Спроси Поручик меня, думает Сидор, я бы сказал ему, что две бутылки на двух самураев русского бизнеса - это не через "не хочу", а в самый раз. Но Поручик не спрашивает меня, а, неожиданно замолчав, допивает последнюю рюмку.
Понятно, он пришел говорить о деле. Вот теперь, после двух бутылок, он спрашивает, уже в который раз, можно ли получить долю в нашем фонде? Я снова ему объясняю: нам не нужны инвестиции. Что такое фонд? Это организация, получившая льготы. В нашем случае - таможенные. Мы платим взятки, чтобы эти льготы получить. Мы откатываем часть прибыли наверх и работаем как альтернативная таможня. Можно считать это новым словом в рыночной экономике: свободная конкуренция между различными негосударственными таможнями. То есть фондами. Какие еще деньги сюда можно ввести? Я же не могу отдать тебе свою долю?

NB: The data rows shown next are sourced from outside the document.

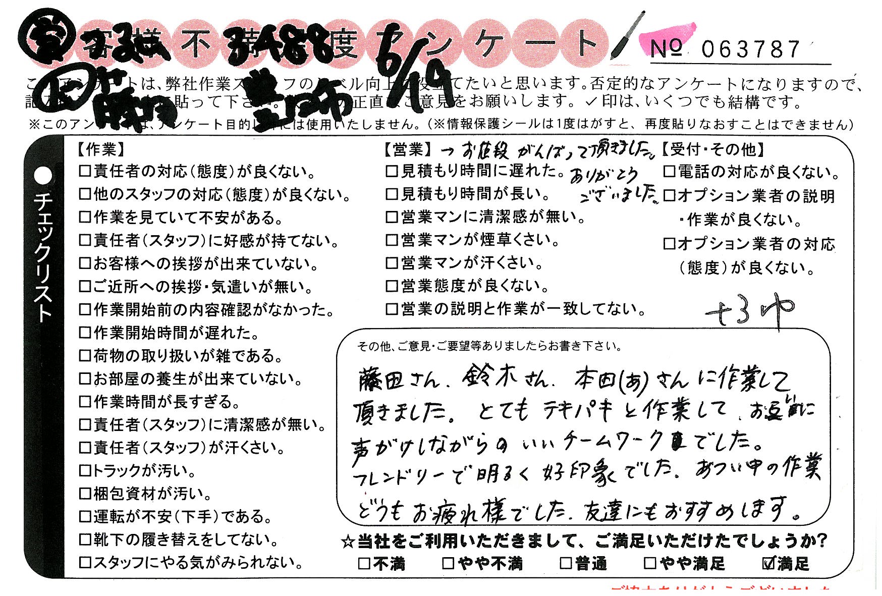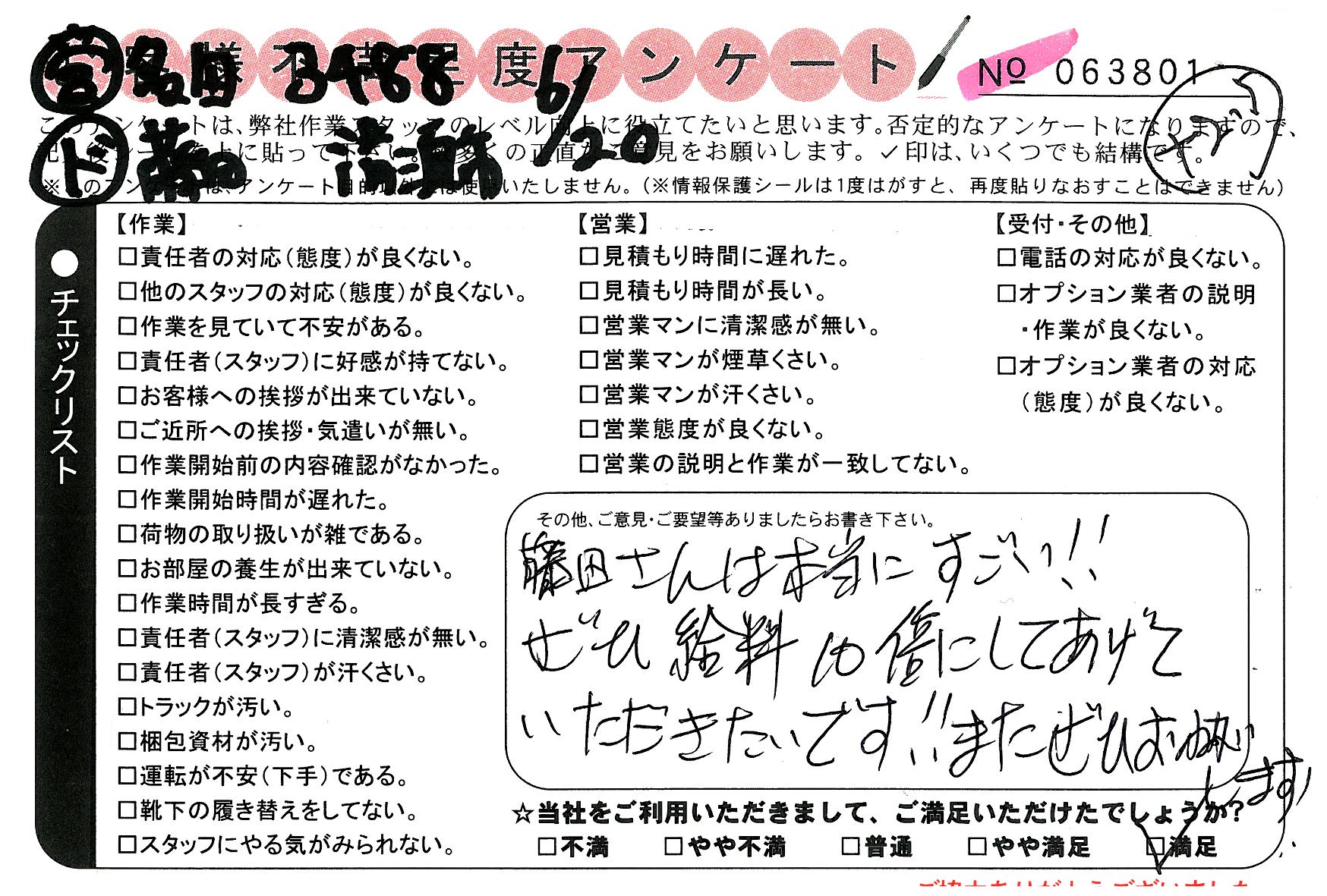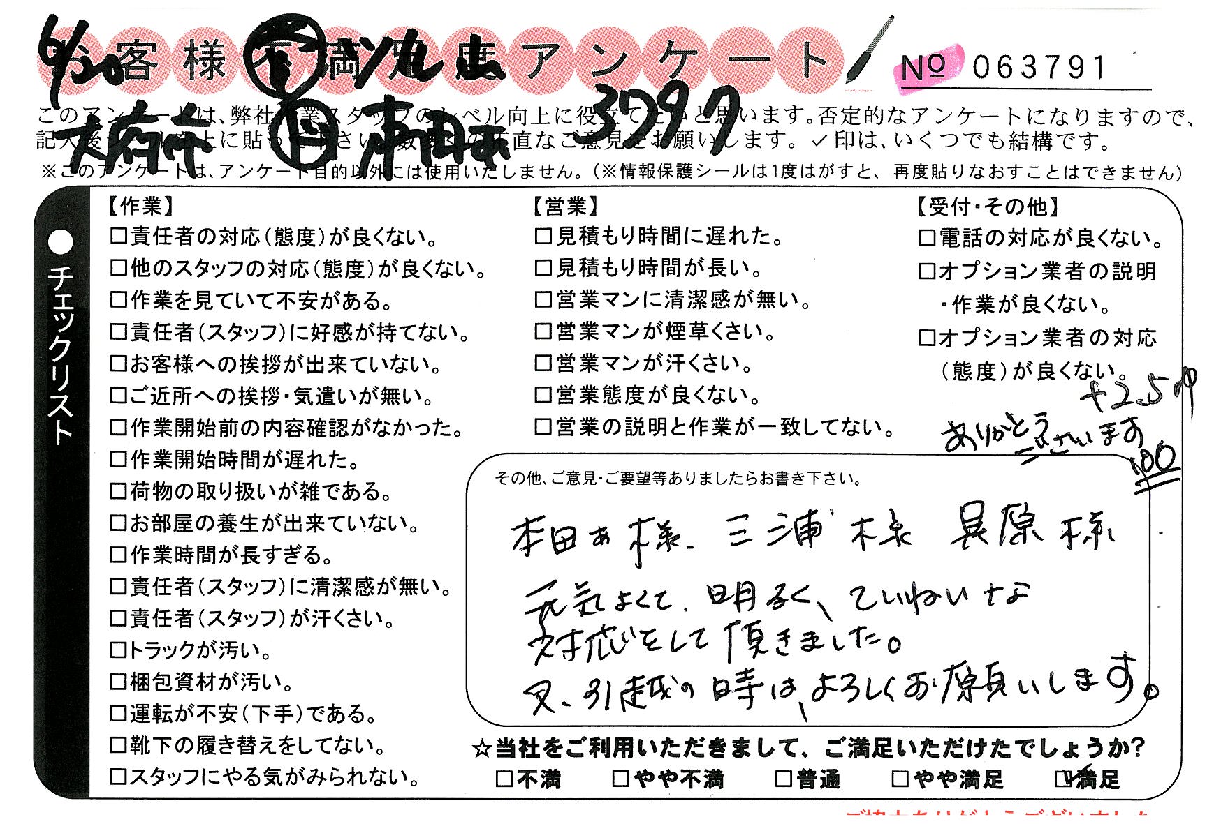 引越一番でお引越しをしていただいたお客様のうち、コメントいただいたアンケートを全て掲載しています。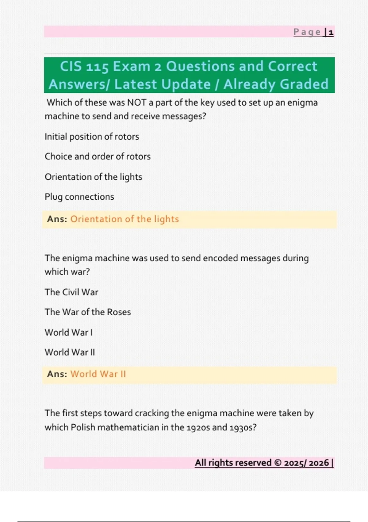 CIS 115 Exam 2 Questions and Correct Answers/ Latest Update / Already Graded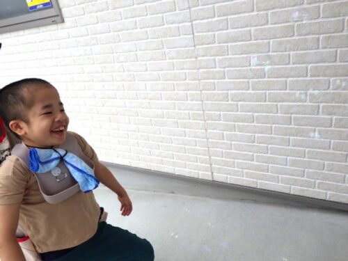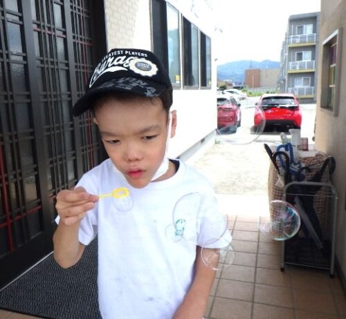 シャボン玉を吹くことが呼吸筋力の訓練にもなります。呼吸している時よりもストローのような吹き具を使うことによって、長く吹くことができ、シャボン玉を吹いているだけで呼吸筋力増強効果が期待できます。シャボン玉を吹く事で楽しみながら呼吸に意識を向けることができるため効果的です。実際にはシャボン玉を吹いている児童に「大きいシャボン玉をつくるためにフーっと優しく吹いてみよう」と声掛けを行いました!始めはシャボン玉を強く吹いていましたが、練習を重ねる内に大きなシャボン玉ができると嬉しそうに指を指して教えてくれました!(^^)!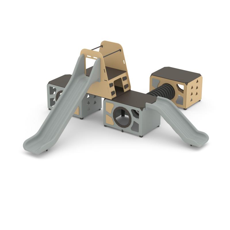 Игровой модуль для тематических игр и физического развития предназначен для детей в возрасте от 4 до 12 лет. Изделие должно представлять собой устойчивую конструкцию, обеспечивающую безопасные условия для занятий на открытом воздухе. Конструкция должна обладать высокой ударопрочностью и виброустойчивостью.В сборе представляет собой конструкцию в виде трех прямоугольных площадок, собраных со стенками с помощью уголков, установлены на грунтозацепы. Две площадки присоединены друг к другу с помощью лаза-труба. С одной стороны одной из площадок установлена горка 950 мм. На две площадки прямоугольные установлен игровой модуль треугольный, к которому присоединена Горка 1550 мм.Изделие устанавливается на открытых уличных участках, находящихся под контролем ответственного лица – эксплуатанта. Установка Изделия должна проводится на ровной площадке, свободной от насаждений. В зоне приземления должно быть ударопоглощающее покрытие (песок, древесные опилки) минимальной толщиной 300 мм.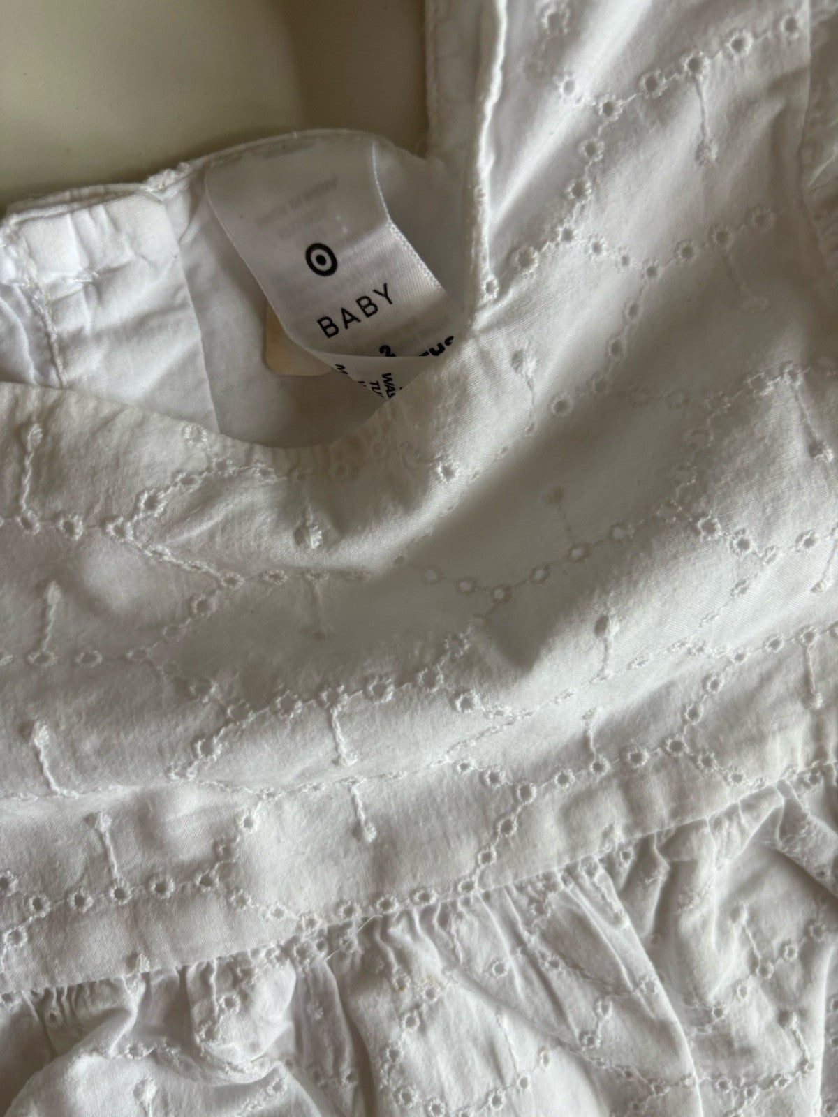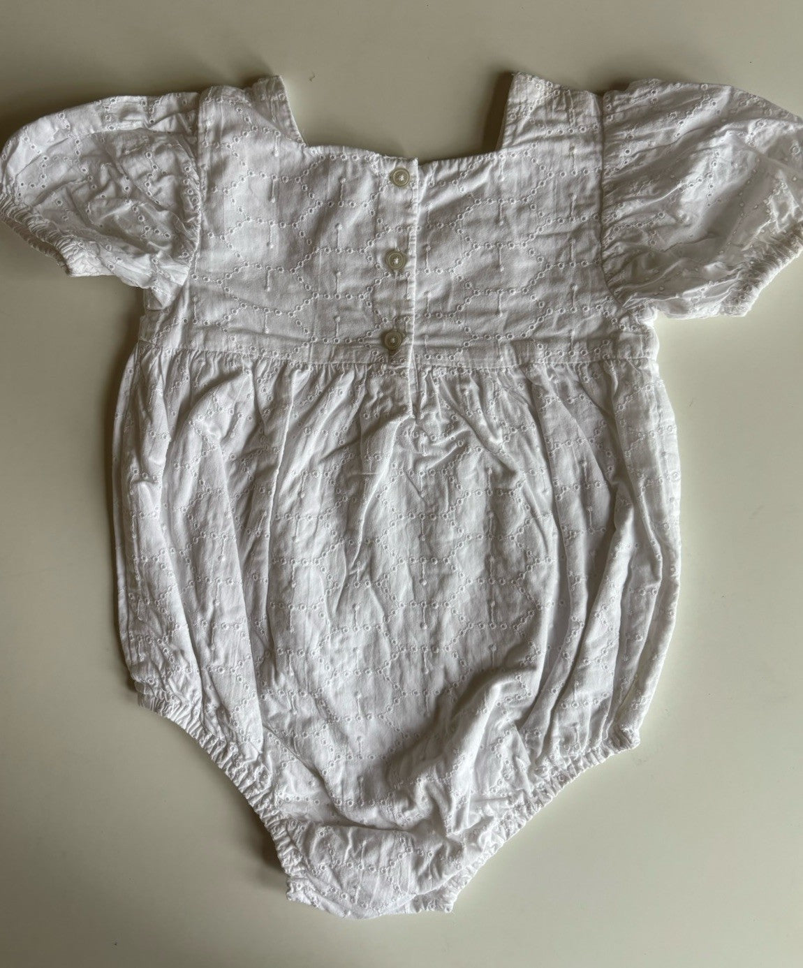 Target baby girl size 18-24 months white lace romper one-piece, VGUC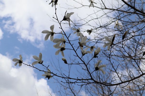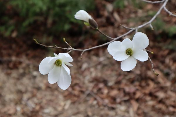花の根元に一枚の葉が付いていません。コブシとの違い確認しました。 |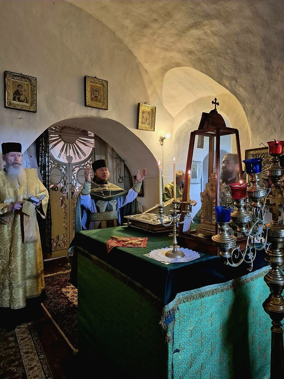 25 июля 2025 года, в день памяти преподобного Серапиона Изборского, в храме Рождества Пресвятой Богородицы поселка Старый Изборск Печорского района, где под спудом покоятся мощи святого, было совершено праздничное богослужение.

Поручик отодвигает пустую бутылку, говорит: так отдай чужую, уговори Ромку продать Женькину! Я объясняю - хотя, кажется, он и так знает, - что Женькина доля делится на нас всех: на Леню, Рому, Альперовича и меня. У нас, говорю я, был такой уговор: если кто-то выходит из дела, его доля делится между всеми. Честно говоря, я придумал это из-за Машки. Пусть она знает: случись что со мной, ей ничего не достанется. Плохо не доверять собственной жене - пусть она и живет в Лондоне и встречается со мной, лишь когда я прилетаю повидаться с сыном, - плохо, но самурай должен быть настороже. Если бы Поручик спросил меня, когда женился на Наталье, она бы потом не обобрала его до нитки. Но он меня не спросил тогда, зато сейчас спрашивает: а как ты думаешь, кто принес Женьке эту отраву?